Aim of the task =>
Reproduce all of the entries below exactly, without images.
Records provided Block Start
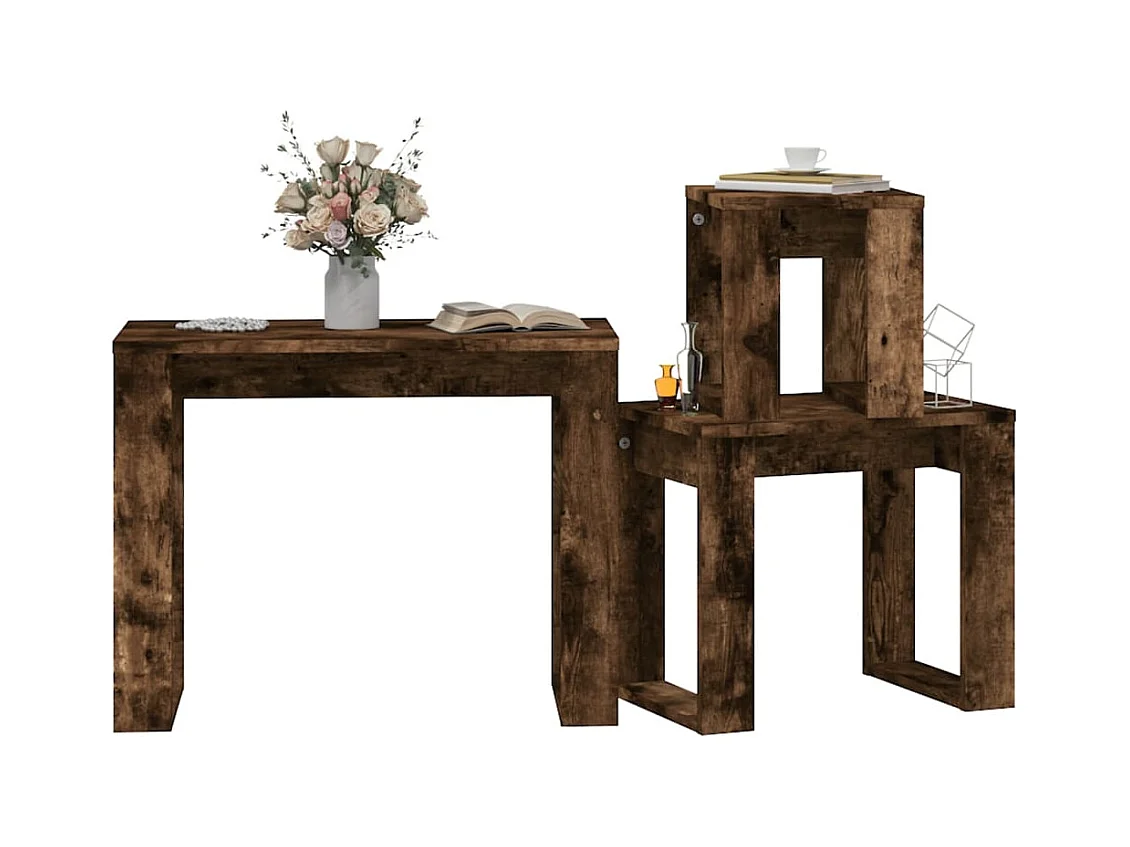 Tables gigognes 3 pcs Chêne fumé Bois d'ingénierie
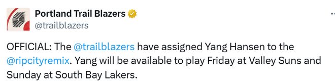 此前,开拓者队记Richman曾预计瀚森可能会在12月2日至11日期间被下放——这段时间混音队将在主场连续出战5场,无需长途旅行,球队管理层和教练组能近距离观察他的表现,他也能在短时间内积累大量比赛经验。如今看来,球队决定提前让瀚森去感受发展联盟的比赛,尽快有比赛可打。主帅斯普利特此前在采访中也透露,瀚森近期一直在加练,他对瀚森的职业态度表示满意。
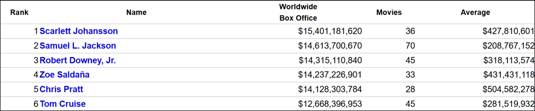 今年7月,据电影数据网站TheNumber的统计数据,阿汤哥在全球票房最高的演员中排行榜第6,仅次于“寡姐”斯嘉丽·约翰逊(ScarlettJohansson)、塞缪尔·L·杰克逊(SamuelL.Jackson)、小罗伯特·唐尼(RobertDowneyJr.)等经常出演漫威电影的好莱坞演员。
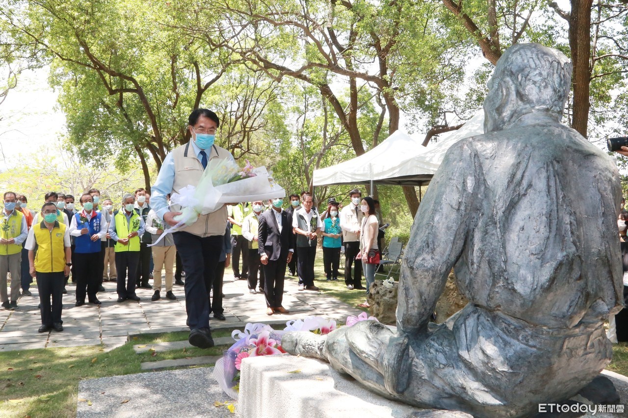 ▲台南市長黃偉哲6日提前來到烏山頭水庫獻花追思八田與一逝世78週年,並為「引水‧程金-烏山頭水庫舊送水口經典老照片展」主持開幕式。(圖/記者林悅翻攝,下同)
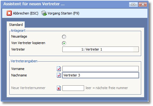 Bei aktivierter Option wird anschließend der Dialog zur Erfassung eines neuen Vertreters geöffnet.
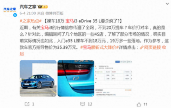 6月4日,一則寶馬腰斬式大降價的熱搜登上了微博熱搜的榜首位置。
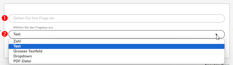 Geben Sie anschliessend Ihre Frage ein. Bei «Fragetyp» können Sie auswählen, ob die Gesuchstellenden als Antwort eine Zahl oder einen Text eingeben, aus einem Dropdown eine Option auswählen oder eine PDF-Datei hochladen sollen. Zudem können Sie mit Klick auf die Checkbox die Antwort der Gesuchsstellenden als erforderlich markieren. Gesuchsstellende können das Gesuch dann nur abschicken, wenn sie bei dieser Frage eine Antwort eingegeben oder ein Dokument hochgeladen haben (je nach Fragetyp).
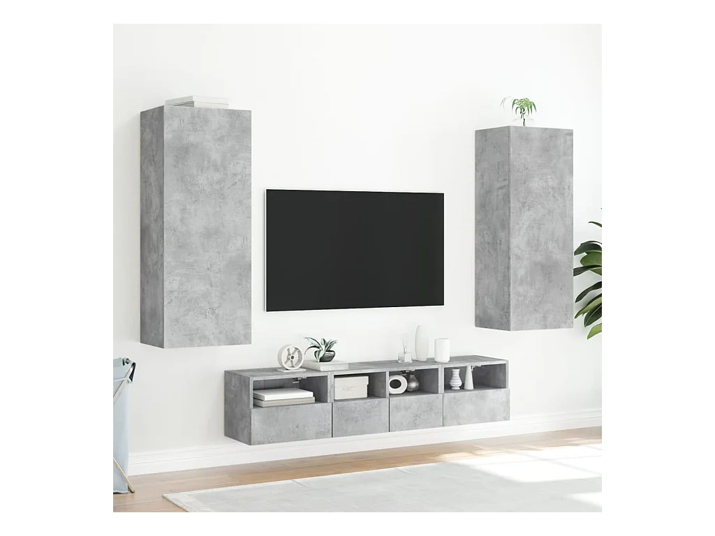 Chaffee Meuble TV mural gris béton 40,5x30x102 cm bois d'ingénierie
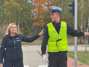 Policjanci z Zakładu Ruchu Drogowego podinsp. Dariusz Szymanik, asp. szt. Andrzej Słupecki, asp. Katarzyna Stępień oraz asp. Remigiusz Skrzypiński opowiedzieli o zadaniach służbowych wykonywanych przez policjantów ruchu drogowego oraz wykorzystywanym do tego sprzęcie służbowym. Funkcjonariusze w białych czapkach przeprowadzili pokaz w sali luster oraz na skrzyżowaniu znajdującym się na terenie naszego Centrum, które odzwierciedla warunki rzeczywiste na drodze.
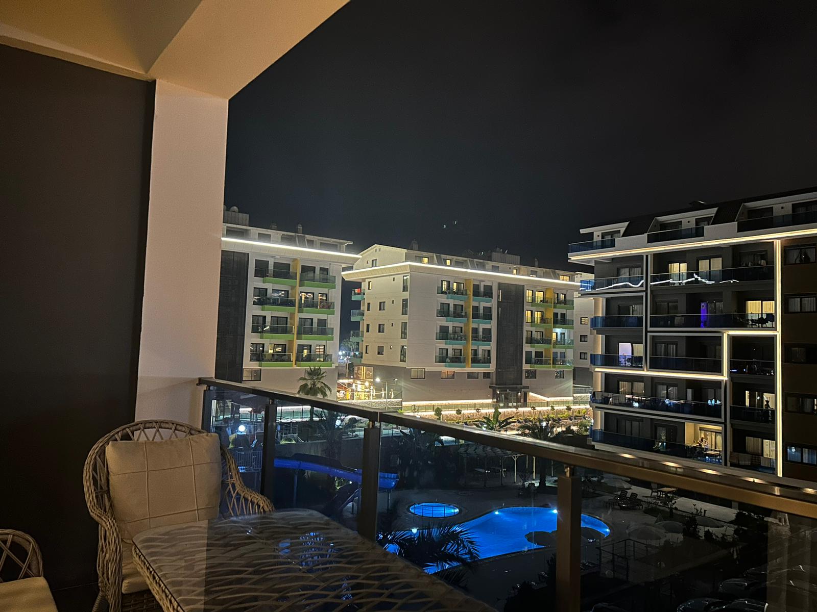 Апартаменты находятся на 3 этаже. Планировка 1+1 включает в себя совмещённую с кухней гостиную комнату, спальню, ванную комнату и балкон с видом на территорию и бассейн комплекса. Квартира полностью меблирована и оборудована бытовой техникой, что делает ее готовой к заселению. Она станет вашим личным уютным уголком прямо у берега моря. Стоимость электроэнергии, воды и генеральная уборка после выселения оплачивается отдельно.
Records provided Block End
Solution to this task =>
 Tables gigognes 3 pcs Chêne fumé Bois d'ingénierie
 此前,开拓者队记Richman曾预计瀚森可能会在12月2日至11日期间被下放——这段时间混音队将在主场连续出战5场,无需长途旅行,球队管理层和教练组能近距离观察他的表现,他也能在短时间内积累大量比赛经验。如今看来,球队决定提前让瀚森去感受发展联盟的比赛,尽快有比赛可打。主帅斯普利特此前在采访中也透露,瀚森近期一直在加练,他对瀚森的职业态度表示满意。
 今年7月,据电影数据网站TheNumber的统计数据,阿汤哥在全球票房最高的演员中排行榜第6,仅次于“寡姐”斯嘉丽·约翰逊(ScarlettJohansson)、塞缪尔·L·杰克逊(SamuelL.Jackson)、小罗伯特·唐尼(RobertDowneyJr.)等经常出演漫威电影的好莱坞演员。
 ▲台南市長黃偉哲6日提前來到烏山頭水庫獻花追思八田與一逝世78週年,並為「引水‧程金-烏山頭水庫舊送水口經典老照片展」主持開幕式。(圖/記者林悅翻攝,下同)
 Bei aktivierter Option wird anschließend der Dialog zur Erfassung eines neuen Vertreters geöffnet.
 6月4日,一則寶馬腰斬式大降價的熱搜登上了微博熱搜的榜首位置。
 Geben Sie anschliessend Ihre Frage ein. Bei «Fragetyp» können Sie auswählen, ob die Gesuchstellenden als Antwort eine Zahl oder einen Text eingeben, aus einem Dropdown eine Option auswählen oder eine PDF-Datei hochladen sollen. Zudem können Sie mit Klick auf die Checkbox die Antwort der Gesuchsstellenden als erforderlich markieren. Gesuchsstellende können das Gesuch dann nur abschicken, wenn sie bei dieser Frage eine Antwort eingegeben oder ein Dokument hochgeladen haben (je nach Fragetyp).
 Chaffee Meuble TV mural gris béton 40,5x30x102 cm bois d'ingénierie
 Policjanci z Zakładu Ruchu Drogowego podinsp. Dariusz Szymanik, asp. szt. Andrzej Słupecki, asp. Katarzyna Stępień oraz asp. Remigiusz Skrzypiński opowiedzieli o zadaniach służbowych wykonywanych przez policjantów ruchu drogowego oraz wykorzystywanym do tego sprzęcie służbowym. Funkcjonariusze w białych czapkach przeprowadzili pokaz w sali luster oraz na skrzyżowaniu znajdującym się na terenie naszego Centrum, które odzwierciedla warunki rzeczywiste na drodze.
 Апартаменты находятся на 3 этаже. Планировка 1+1 включает в себя совмещённую с кухней гостиную комнату, спальню, ванную комнату и балкон с видом на территорию и бассейн комплекса. Квартира полностью меблирована и оборудована бытовой техникой, что делает ее готовой к заселению. Она станет вашим личным уютным уголком прямо у берега моря. Стоимость электроэнергии, воды и генеральная уборка после выселения оплачивается отдельно.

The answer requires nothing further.